━━ Collected data

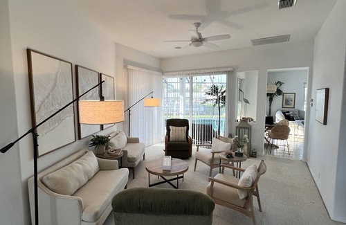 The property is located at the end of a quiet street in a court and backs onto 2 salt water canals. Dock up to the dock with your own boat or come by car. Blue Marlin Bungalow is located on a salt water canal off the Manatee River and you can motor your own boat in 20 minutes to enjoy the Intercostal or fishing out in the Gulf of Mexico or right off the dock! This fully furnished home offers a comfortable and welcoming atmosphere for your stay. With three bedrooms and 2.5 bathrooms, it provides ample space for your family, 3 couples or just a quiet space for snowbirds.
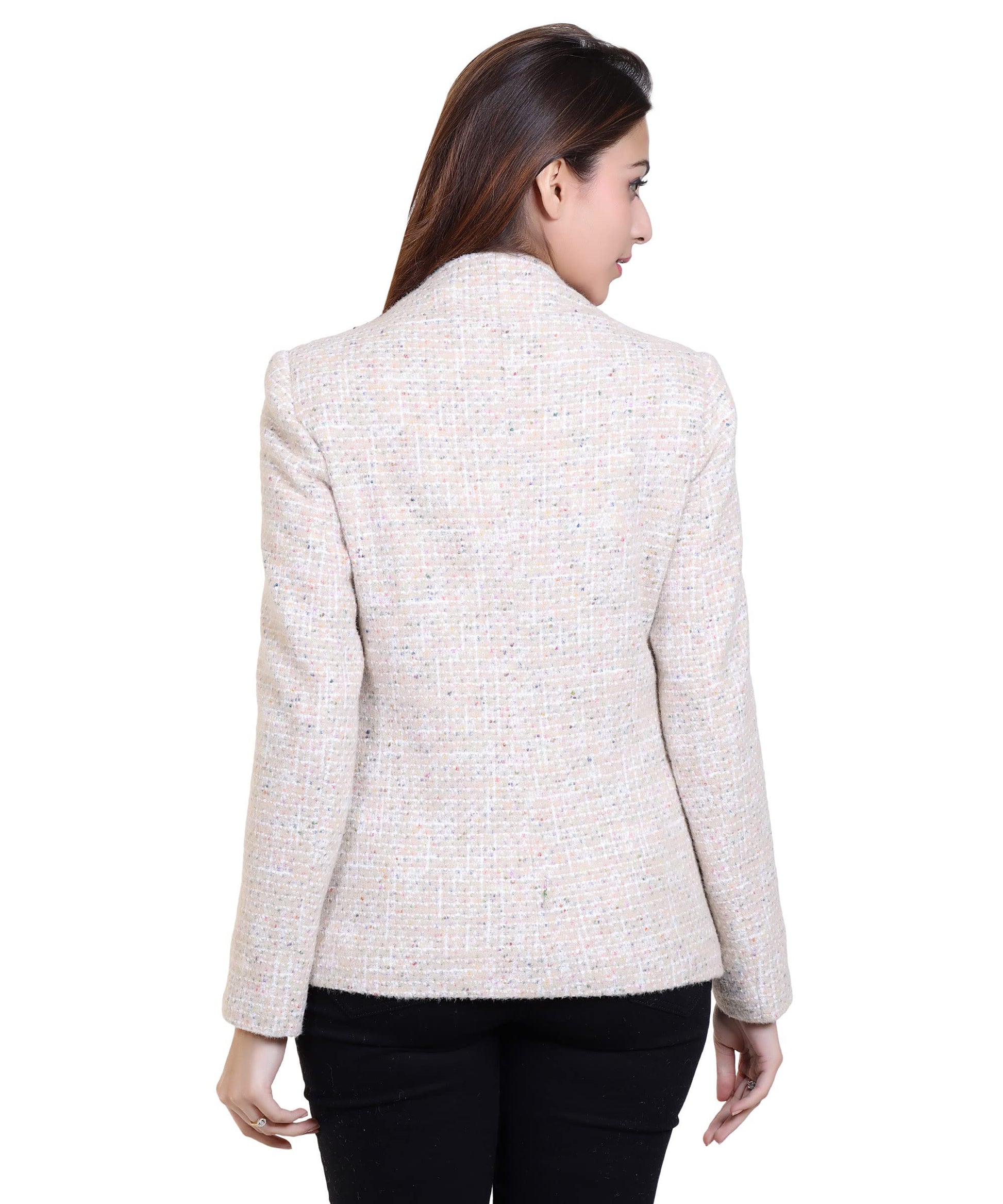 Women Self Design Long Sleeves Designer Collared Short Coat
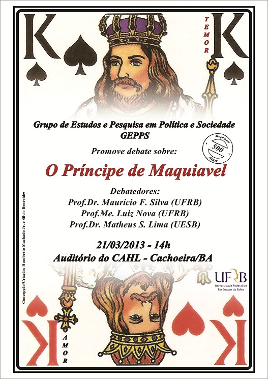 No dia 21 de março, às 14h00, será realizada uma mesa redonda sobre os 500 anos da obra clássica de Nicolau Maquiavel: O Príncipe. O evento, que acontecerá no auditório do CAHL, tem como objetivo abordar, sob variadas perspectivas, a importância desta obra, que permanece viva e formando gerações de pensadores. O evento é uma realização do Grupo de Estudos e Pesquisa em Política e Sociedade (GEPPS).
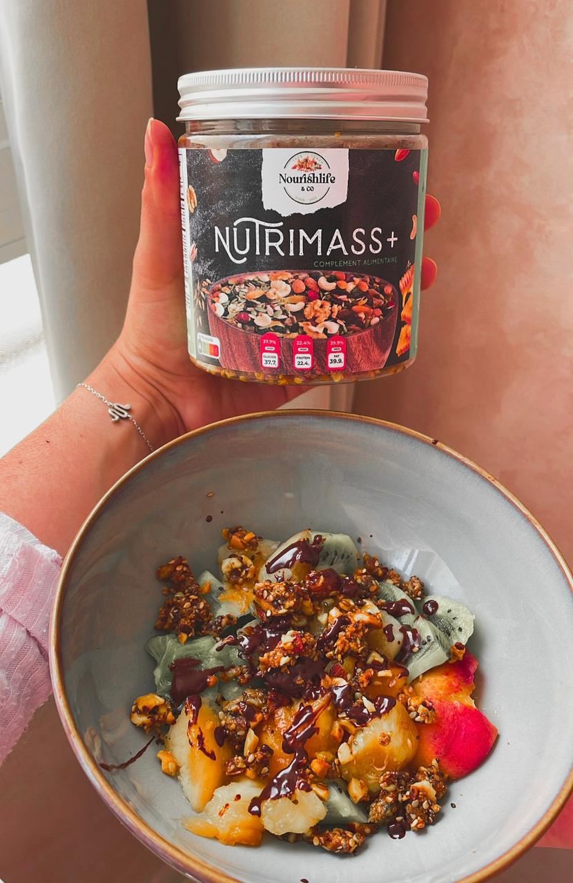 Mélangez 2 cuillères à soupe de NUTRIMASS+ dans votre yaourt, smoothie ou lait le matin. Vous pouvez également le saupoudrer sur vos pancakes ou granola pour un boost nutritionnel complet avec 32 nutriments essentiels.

━━━━

## What this task involves
Find the line containing "No dia 21 de" and copy it and each line after it through the end of the material, exactly, with no pictures.

## Answer below
 No dia 21 de março, às 14h00, será realizada uma mesa redonda sobre os 500 anos da obra clássica de Nicolau Maquiavel: O Príncipe. O evento, que acontecerá no auditório do CAHL, tem como objetivo abordar, sob variadas perspectivas, a importância desta obra, que permanece viva e formando gerações de pensadores. O evento é uma realização do Grupo de Estudos e Pesquisa em Política e Sociedade (GEPPS).
 Mélangez 2 cuillères à soupe de NUTRIMASS+ dans votre yaourt, smoothie ou lait le matin. Vous pouvez également le saupoudrer sur vos pancakes ou granola pour un boost nutritionnel complet avec 32 nutriments essentiels.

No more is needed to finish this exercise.